======== Provided information

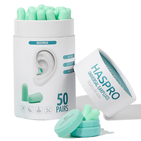 50 par (=100 st.) öronproppar för engångsbruk för att skydda mot det skadliga ljudet. Tillverkad av mycket mjukt polyuretanskum. Haspro Universal-öronproppar är designade för att passa varje användares hörselgång. Hög ljuddämpning SNR: 38 dB. Användningsändamål: Att skydda mot det skadliga ljudet. Dosering: Innan du sätter i öronpropparna, se till att de är rena. Dra upp örat med motsatt hand för att räta ut hörselgången. Ta tag i den rena öronproppen med den andra handen och sätt försiktigt in i hörselgången. Sätt inte in öronproppar för djupt i hörselgången, för det gör ont. Sätt alltid i och ta bort öronproppar med försiktighet för att förhindra skador på örat. Material: Polyuretanskum. Tekninska uppgifter: Modell: EPUF-5. Ljuddämpning SNR: 38 dB. Överensstämmelse: (EU) 2016/425, EN 352:2002. CE2834. Anmält organ: CCQS. Tillverkare: HASPRO, Rzeszów, Poland info@hasproearplugs.com. Produkten innehåller bruksanvisningar på finska och svenska. Bör observeras: Värdena i tabellen r
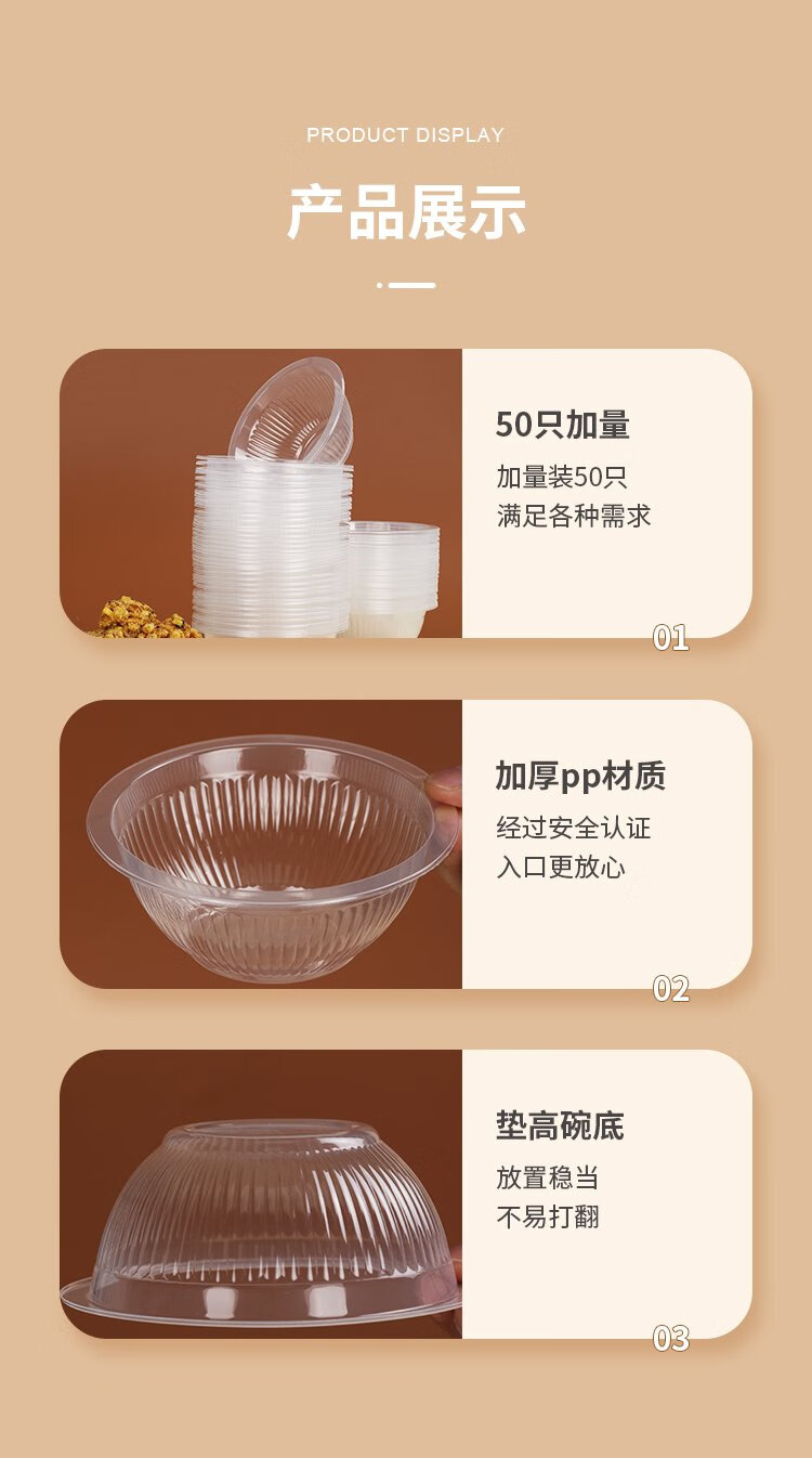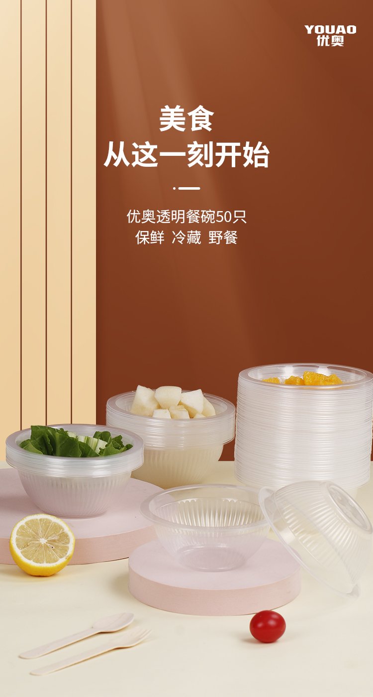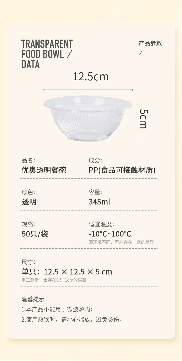Youao disposable bowl 345ml*50 thick transparent dumplings and glutinous rice balls soup bowl outdoor picnic camping tableware no wash
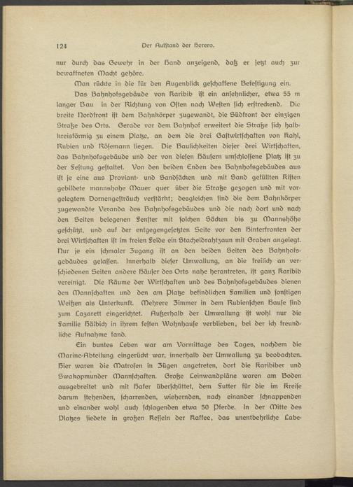 Das Bahnhofsgebäude von Saribib ist ein ansehnlicher, etwa 55 in langer Bau in der Bichtung von Osten nach besten sich erstreckend. Die breite Bordfront ist dem Bahnkörper zugewandt, die Südkront der einzigen Straße des Orts. Berade vor dem Bahnhof erweitert die Straße sich halbkreisförmig zu einem Platze, an dem die drei Bastwirtschaften von Sahl, Bubien und Bössmann liegen. Die Baulichkeiten dieser drei Wirtschaften, das Bahnhofsgebäude und der von diesen Bäusern umschlossene Platz ist zu der §sstung gestaltet. Von den beiden Enden des Bahnhofsgebäudes aus ist je eine aus Proviant- und Bandsäcken und mit Band gefüllten leisten gebildete mannshohe Mauer quer über die Straße gezogen und mit vorgelegtem Oornsngssträuch verstärkt; desgleichen sind die dem Bahnkörper zugewandte Veranda des Bahnhofsgebäudes und die nach dort und nach den Seiten bslegsnsn §snster mit solchen Säcken bis zu Mannshöhe geschützt, und auf der entgegengesetzten Seite vor den Hinterfronten der drei Wirtschaften ist im freien §elde ein Stacheldrahtzaun mit Braben angelegt. Nur je ein schmaler Zugang ist an den beiden Seiten des Bahnhofsgebäudes gelassen. Innerhalb dieser Umwallung, an die freilich an verschiedenen Seiten anders Bäuser des Orts nahe herantreten, ist ganz Saribib vereinigt. Die Bäume der Wirtschaften und des Bahnhofsgebäudes dienen den Mannschaften und den am Platze befindlichen §amilien und sonstigen Weitzen als Unterkunft. Mehrere Zimmer in dem Bubisnschen Sause sind zum Lazarett eingerichtet. Außerhalb der Umwallung ist wohl nur die ffamilie Bälbich in ihrem festen Wohnhause verblieben, bei der ich freundliche Aufnahme fand.
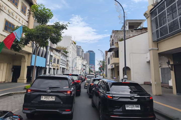 Sementara, kondisi jalanan terpantau cukup padat di kawasan heritage Kesawan. Kawasan ini merupakan pusat Kota Medan.
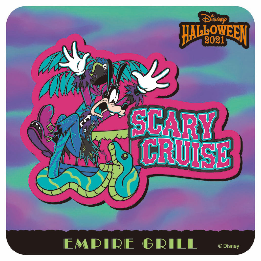 「スケアリー クルーズ」と記されたコースターには、両手を大きく広げた「グーフィー」の姿が!
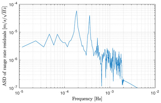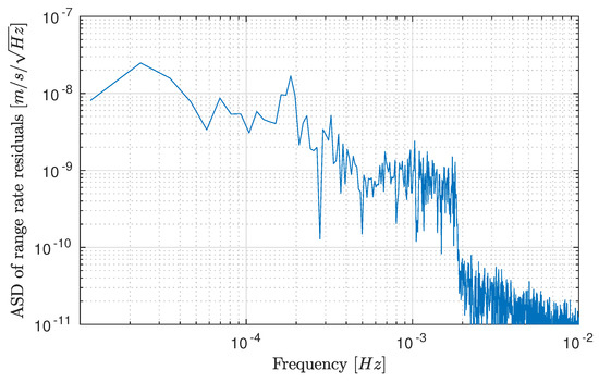 Amplitude spectral density of range rate residuals for Day 1 after the last (28th) iteration.
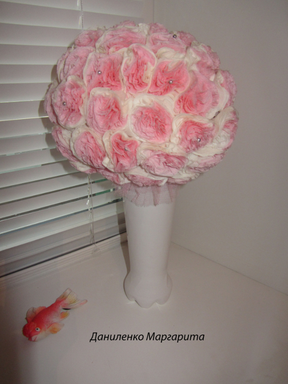 Этот топиарий из салфеток я назвала "Букет невесты". Он вынимается из вазочки и его можно держать как букет...
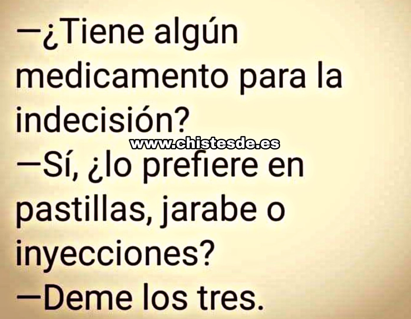 —Señor, creo que no me ha entendido; aquí vendemos medicinas, perfumería, artículos de aseo…
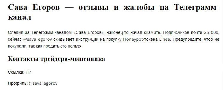 Но на трейдера можно найти негативные обзоры, в которых утверждается, что Сава Егоров — мошенник
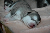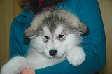 三重県の樋口様、長松様がアラスカン・マラミュートを迎えに来られました。 北国原産の犬種とはいえ、仔犬のときは抵抗力が充分ではありません。 環境の変化で見かけ以上にストレスを受けますので,寒さ対策は怠らないで下さいネ。 一ヶ月もすると、写真の面影がウソのように成長しますので、今、たくさん 写真を撮っておくことを、お勧めします。
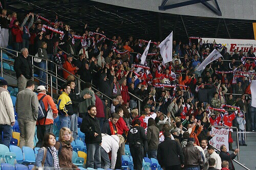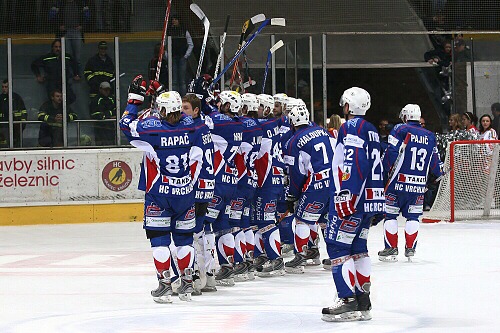 Přibližně dvě stovky fanoušků z Vrchlabí slaví vítězství 3:1

================

Starting with the line that contains "Но на трейдера", reproduce every line to the end of the material above, both end lines included, exactly and with no pictures.

- Result of the task -
 Но на трейдера можно найти негативные обзоры, в которых утверждается, что Сава Егоров — мошенник
 三重県の樋口様、長松様がアラスカン・マラミュートを迎えに来られました。 北国原産の犬種とはいえ、仔犬のときは抵抗力が充分ではありません。 環境の変化で見かけ以上にストレスを受けますので,寒さ対策は怠らないで下さいネ。 一ヶ月もすると、写真の面影がウソのように成長しますので、今、たくさん 写真を撮っておくことを、お勧めします。
 Přibližně dvě stovky fanoušků z Vrchlabí slaví vítězství 3:1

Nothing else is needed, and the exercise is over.